◆ **ACTIVITY**
Reproduce the material below line by line, beginning with its first line and ending with the line that contains "その後半分に折って糊で端同士"; leave out pictures.

◆ **DATASET SECTION**
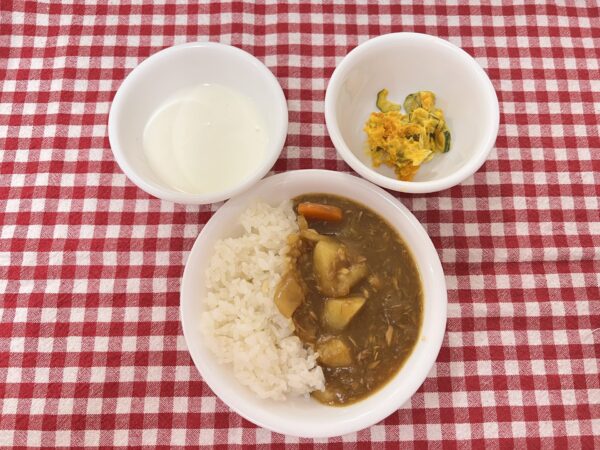 今日のお給食は ツナカレーライス かぼちゃサラダ ヨーグルト でした✨️
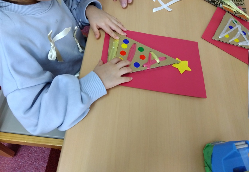 その後半分に折って糊で端同士をくっつけて、さらに台紙にツリーの形になるように配置してつけていきます💪
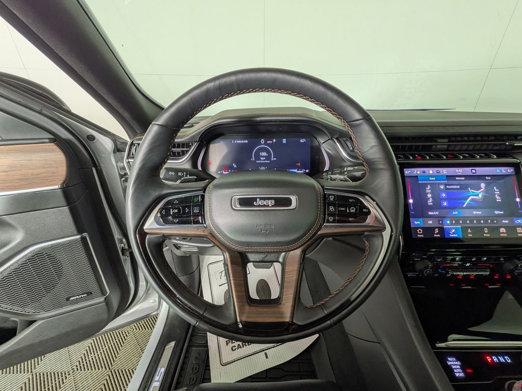 We look forward to serving you! ADV Protech Group IV (Heads-Up Display, Night Vision w/Pedestrian-Animal Detection, and Rearview Autodim Digital Display Mirror), Luxury Tech Group V (2nd-Row Manual Window Shades and Wireless Charging Pad), Quick Order Package 23S, FCA US LLC Certified Pre-Owned Certified, 4WD, 10 Speakers, 3.45 Rear Axle Ratio, 4-Wheel Disc Brakes, ABS brakes, Active Noise Control System, Adaptive suspension, Air Conditioning, Alloy wheels, AM/FM radio: SiriusXM with 360L, Anti-whiplash front head restraints, Audio memory, Auto High-beam Headlights, Auto-dimming door mirrors, Auto-dimming Rear-View mirror, Auto-leveling suspension, Automatic temperature control, Auxiliary Battery, Brake assist, Bumpers: body-color, Compass, Delay-off headlights, Driver door bin, Driver vanity mirror, Dual front impact airbags, Dual front side impact airbags, Electronic Stability Control, Emergency communication system, Four wheel independent suspension, Front anti-roll bar, Front Bucket Seats, Front Center Armrest w/Storage, Front dual zone A/C, Front fog lights, Front License Plate Bracket, Front reading lights, Fully automatic headlights, Garage door transmitter, Genuine wood dashboard insert, Genuine wood door panel insert, Heated door mirrors, Heated front seats, Heated rear seats, Heated steering wheel, Illuminated entry, Knee airbag, Leather steering wheel, Low tire pressure warning, Memory seat, Nappa Leather Seats, Navigation System, Normal Duty Suspension, Occupant sensing airbag, Outside temperature display, Overhead airbag, Overhead console, Panic alarm, Passenger door bin, Passenger vanity mirror, Power door mirrors, Power driver seat, Power Liftgate, Power moonroof, Power passenger seat, Power steering, Power windows, Radio data system, Radio: Uconnect 5 Nav w/10.1" Display, Rain sensing wipers, Rear air conditioning, Rear anti-roll bar, Rear dual zone A/C, Rear reading lights, Rear seat center armrest, Rear window defroster, Rear window wiper, Remote keyless entry, Security system, Speed control, Speed-Sensitive Wipers, Split folding rear seat, Spoiler, Steering wheel memory, Steering wheel mounted audio controls, Tachometer, Telescoping steering wheel, Tilt steering wheel, Traction control, Trip computer, Turn signal indicator mirrors, Variably intermittent wipers, Ventilated front seats, Voltmeter, and Wheels: 20" x 8.5" Fully Painted Aluminum SilveR.

◆ **YOUR SOLUTION**
 今日のお給食は ツナカレーライス かぼちゃサラダ ヨーグルト でした✨️
 その後半分に折って糊で端同士をくっつけて、さらに台紙にツリーの形になるように配置してつけていきます💪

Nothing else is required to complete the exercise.